Non passa giorno in cui i media non diano notizia di episodi sconcertanti legati ai danni materiali e soprattutto psicologici sui nostri ragazzi provocati dall’abuso di smarthphone e social. Un fenomeno – come sottolinea Roberto Alborghetti, giornalista, già inviato dell’Eco di Bergamo, formatore, scrittore di saggi e testi sul tema dell’educazione – che è cresciuto a dismisura a causa della pandemia. «La didattica a distanza che ha obbligato i nostri figli a casa incollati a pc e cellulari» sottolinea Alborghetti «ha fatto abbassare pericolosamente l’età in cui i ragazzi sono stati ‘costretti’ ad entrare nelle maglie della rete. Molti genitori mi scrivono preoccupati perché i loro figli anche in età della scuola primaria, che prima del Covid non praticavano smarthphone e computer, a causa della Dad sono diventati ‘dipendenti’ del cellulare». Ecco perché l’ultimo lavoro di Alborghetti è intitolato provocatoriamente «(De)generazione digitale: «Ragazzi sempre più dipendenti dalla Rete, attirati in una bulimia di immagini ed esperienze che rischiano di ‘killare’ il cervello».
I destinatari del volumetto, un vademecum con schede per dialogare in famiglia, sono genitori, insegnanti e formatori per metterli in guardia dagli effetti «devastanti» dell’uso inconsapevole di questi strumenti. «Il testo nasce per rispondere alle domande che mi sono state poste durante centinaia di incontri nelle scuole, con genitori e insegnanti, nelle parrocchie e associazioni giovanili», prosegue l’autore, «su come mettere in guardia i nostri ragazzi dai pericoli della rete e come gestire consapevolmente le nuove tecnologie per non ‘killare’, cioè uccidere, il cervello. La posta in gioco è altissima: si va dai reati on line commessi ogni giorno da persone senza scrupoli ai danni nei nostri adolescenti ma anche dalla leggerezza con cui i genitori – che nativi digitali non sono – usano i social media». Un esempio sono le chat dei genitori che Alborghetti indica come una delle cause della «devastazione dei ruoli».
Pensiamo a quanti guai provocano queste chat – che vengono lette dai ragazzi quasi in tempo reale – quando i genitori criticano (talvolta insultano) il preside, questo o quel professore sui voti delle verifiche, sul carico di studio, sulle presunte ingiustizie commesse in classe. Avvisa Alborghetti: «ma ci rendiamo conto che con una frase su Whatsapp mettiamo in discussione l’autorità scolastica che per un ragazzo in formazione è lo Stato? Attento, tu genitore che togli valore ad un docente: presto verrai esautorato da tuo figlio perché gli avrai dato il consenso a mettere in discussione qualsiasi autorità. Che cittadini stiamo crescendo? Che modelli di persona stiamo presentando ai nostri figli?».

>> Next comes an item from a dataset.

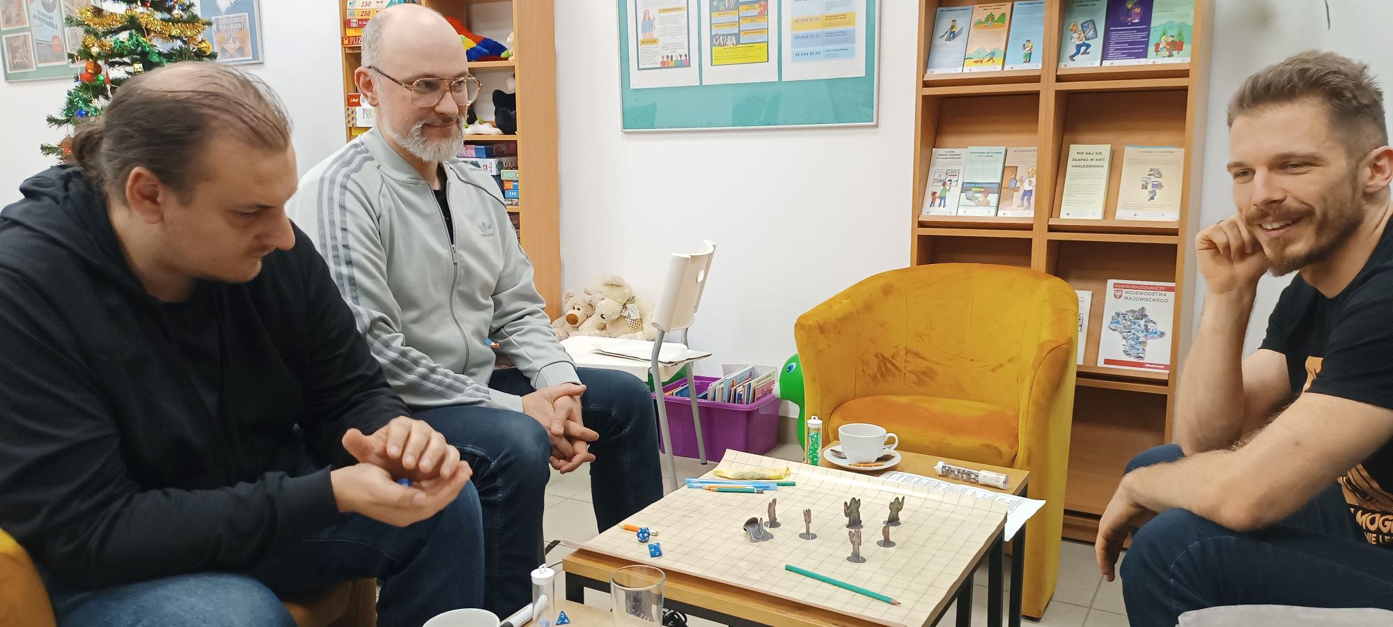 19 grudnia w Wypożyczalni dla Dorosłych i Młodzieży nr 64 przy ul. Radzymińskiej 121 odbyła się kolejna sesja RPG w systemie Dungeons & Dragons. Grudniowe spotkanie rozpoczęliśmy od świątecznych życzeń oraz wręczenia drobnych upominków od biblioteki. Była to również pierwsza sesja z oprawą muzyczną, która pomagała wprowadzić graczy w klimat otaczającego ich świata.

E si potrebbero fare tanti altri esempi: dagli influencer che diventano venditori di pubblicità («Una mamma mi ha telefonato disperata quando il figlio le ha alzato le mani perché gli ha negato l’acquisto dell’ultimo modello di smarthphone che ha visto su Tik Tok» racconta Alborghetti), al tempo che i social rubano alle nostre vite. «Gli smarthphone hanno in mano le giornate dei nostri figli e anche di tanti adulti: molti ragazzi mi dicono ‘ma mia mamma e mio papà sono sempre al telefonino e non mi ascoltano’. Questo maledetto oggetto – il cellulare – sta mettendo in crisi anche la genitorialità… e non ce ne rendiamo neppure conto».

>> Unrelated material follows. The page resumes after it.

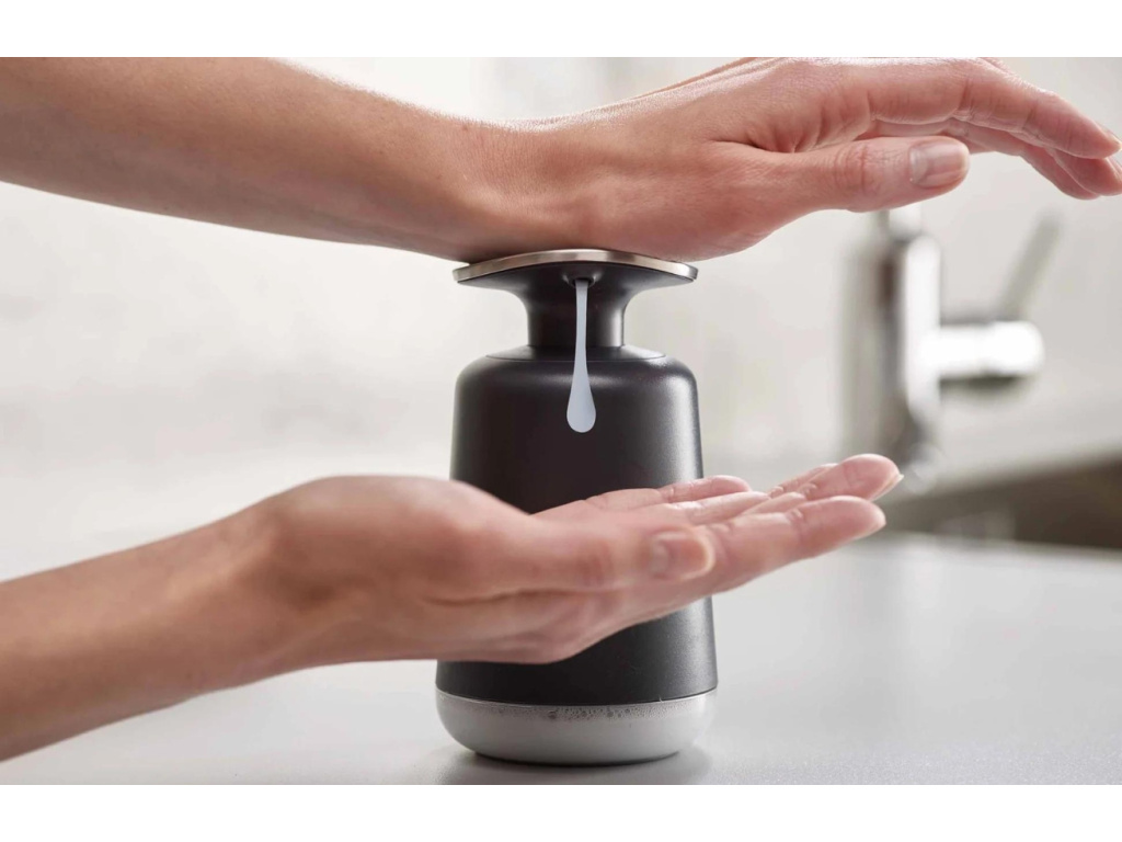Dodejte svému kuchyňskému dřezu nebo koupelnovému umyvadlu moderní nádech s tímto stylovým dávkovačem tekutého mýdla Presto! Chytrý design umožňuje ovládat pumpičku mýdla zápěstím nebo předloktím, proto se dávkovače znečištěnými dlaněmi vůbec nemusíte dotýkat. Hlava pumpičky v praktickém ergonomickém tvaru je vyrobena z nerezové oceli. Průhledná spodní část dávkovače vás upozorní na nutnost doplnit obsah nádobky a protiskluzná základna zajistí stabilitu při použití.

Che fare allora? «Innanzitutto essere coscienti del problema e far capire ai nostri figli che passare 4-5 ore al giorno a smanettare sul telefonino è tempo sottratto allo studio, alle amicizie, allo sport, alla socialità. Il tempo è prezioso e questo vale anche per noi adulti. Se vanno in crisi i rapporti umani salta tutto. Siamo in pericolo ma ancora in tempo per recuperare».

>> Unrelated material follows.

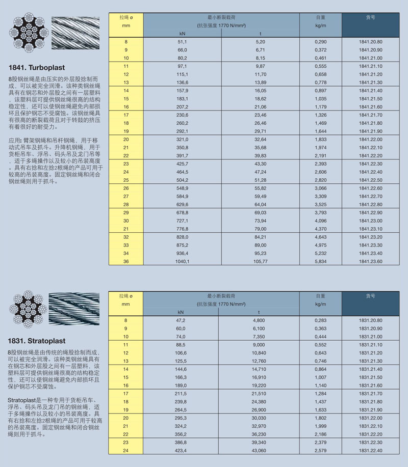 塑料層可提供鋼絲繩很高的結構穩(wěn)定性,還可以使鋼絲繩避免內部損壞且保護鋼芯不受腐蝕。Stratoplast是一種專用于貨柜吊車、浮吊、碼頭吊及龍門吊的鋼絲繩,適于多繩操作以及較小的吊裝高度。具有右捻和左捻2根繩的產品可用于較高的吊裝高度。固定鋼絲繩和閉合鋼絲繩則用于抓斗。

Come? «Ad esempio lasciare ogni tanto il cellulare e tornare a scrivere con la propria calligrafia, è un salutare esercizio per tutti. Non è la nostalgia del passato. Semmai, è riappropriarci di noi stessi. Sentire, anche attraverso una mano, tutto ciò che è vita, che è generazione dell’alfabeto nel nostro presente. Vero. Concreto. Nostro».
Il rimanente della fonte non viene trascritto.